The story of Aston Martin has often been a troubled financial journey. Now mostly owned by Ford, the marque is very much back on form, with the launch of the Rapide in 2010 helping to steer the firm back towards profit. But the original Rapide had its detractors, especially in regards to the cramped cockpit, which has been improved.
Room for manoeuvres
The Rapide is Aston’s spiritual successor to the Lagonda, which was first produced in 1974. The controversial Lagonda was the first Aston saloon car to be built with four doors and — as a direct challenge to Ferrari’s 365 GT4 gran turismo ‘two plus two’ — was largely responsible for turning around the company’s declining fortunes.
The first thing I noticed about getting into the Rapide S is that the car is longer, sleeker and roomier than you normally expect with an Aston. I also like the way the perforated duotone interior (upholstered in finest Bridge of Weir ‘Piano Black’ leather) is called the cabin, rather than the cockpit. A cabin definitely suggests a luxurious journey ahead, as opposed to the more cramped fighter-pilot interior feel of a car like the Porsche 911 GT3.

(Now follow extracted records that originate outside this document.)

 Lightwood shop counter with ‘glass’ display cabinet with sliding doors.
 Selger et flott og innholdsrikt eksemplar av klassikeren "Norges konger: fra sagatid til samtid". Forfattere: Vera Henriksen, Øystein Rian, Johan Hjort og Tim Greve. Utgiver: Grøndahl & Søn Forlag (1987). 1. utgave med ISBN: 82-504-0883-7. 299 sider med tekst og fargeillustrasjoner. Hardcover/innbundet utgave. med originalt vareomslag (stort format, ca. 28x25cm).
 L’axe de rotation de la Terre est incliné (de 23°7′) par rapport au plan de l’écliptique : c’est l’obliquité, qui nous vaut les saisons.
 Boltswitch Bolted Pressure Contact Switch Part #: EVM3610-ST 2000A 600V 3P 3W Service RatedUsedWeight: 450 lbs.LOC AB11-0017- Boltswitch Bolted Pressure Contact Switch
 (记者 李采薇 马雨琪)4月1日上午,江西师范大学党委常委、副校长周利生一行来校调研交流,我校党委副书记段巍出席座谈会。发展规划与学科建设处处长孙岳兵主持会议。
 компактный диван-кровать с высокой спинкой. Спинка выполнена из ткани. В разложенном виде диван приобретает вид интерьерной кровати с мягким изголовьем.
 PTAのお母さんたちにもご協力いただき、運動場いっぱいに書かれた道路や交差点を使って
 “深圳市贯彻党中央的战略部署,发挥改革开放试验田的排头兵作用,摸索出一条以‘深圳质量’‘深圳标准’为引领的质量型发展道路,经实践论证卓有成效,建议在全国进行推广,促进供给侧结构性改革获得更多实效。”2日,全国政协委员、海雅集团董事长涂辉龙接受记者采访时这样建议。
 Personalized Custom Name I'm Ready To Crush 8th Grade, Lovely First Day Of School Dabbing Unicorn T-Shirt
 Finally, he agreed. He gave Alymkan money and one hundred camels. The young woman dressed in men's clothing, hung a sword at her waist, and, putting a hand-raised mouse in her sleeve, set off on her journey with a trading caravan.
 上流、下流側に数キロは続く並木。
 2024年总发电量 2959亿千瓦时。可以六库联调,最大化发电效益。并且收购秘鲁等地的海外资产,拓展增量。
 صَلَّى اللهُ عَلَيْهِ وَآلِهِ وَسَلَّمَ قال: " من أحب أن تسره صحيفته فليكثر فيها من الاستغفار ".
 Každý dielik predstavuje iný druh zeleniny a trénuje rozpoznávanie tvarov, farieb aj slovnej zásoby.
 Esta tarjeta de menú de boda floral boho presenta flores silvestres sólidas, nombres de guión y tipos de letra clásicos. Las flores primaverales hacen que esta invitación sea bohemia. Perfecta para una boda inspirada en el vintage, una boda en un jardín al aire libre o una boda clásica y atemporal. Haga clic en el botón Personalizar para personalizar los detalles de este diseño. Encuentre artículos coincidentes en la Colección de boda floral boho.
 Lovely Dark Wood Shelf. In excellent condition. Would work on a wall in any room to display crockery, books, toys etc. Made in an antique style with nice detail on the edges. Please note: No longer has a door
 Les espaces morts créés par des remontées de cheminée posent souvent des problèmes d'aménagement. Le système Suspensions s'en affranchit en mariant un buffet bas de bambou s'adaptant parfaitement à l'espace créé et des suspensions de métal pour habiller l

The new Rapide boasts more ‘power and luxury’ than the original Rapide, thanks to its Gen 4 AM11 engine. But the Aston’s power only really kicks in when you approach the red revs. While driving from Callow Street towards the M40, the Aston glided smoothly and quietly through the streets. The 620Nm of torque delivers the very heady power of 558PS — an increase of more than 17 per cent over the previous Rapide.
This is one of the very best Astons ever built. It is a true touring car with much improved space inside and unexpectedly economical fuel consumption: I drove from Shropshire to London (160 miles) using just half a tank. The superb Bang & Olufsen stereo is loud enough to be used in the Ministry of Sound. I liked the abundance of cup holders. I loved the Aston umbrella in the boot, and the fact that it is not just a car than claims to fit four adults inside — it is a car that actually has room to fit four adults.
One of the quirkiest features of the Rapide S is that the engine noise has been recorded so that you can actually listen to the throaty roar on the Aston Martin website before the car is even delivered to your front door. And if you get withdrawal symptoms, you can turn the V12 engine whine into your mobile ringtone — as, I suspect, those viewers of Top Gear I met on the forecourt have probably done.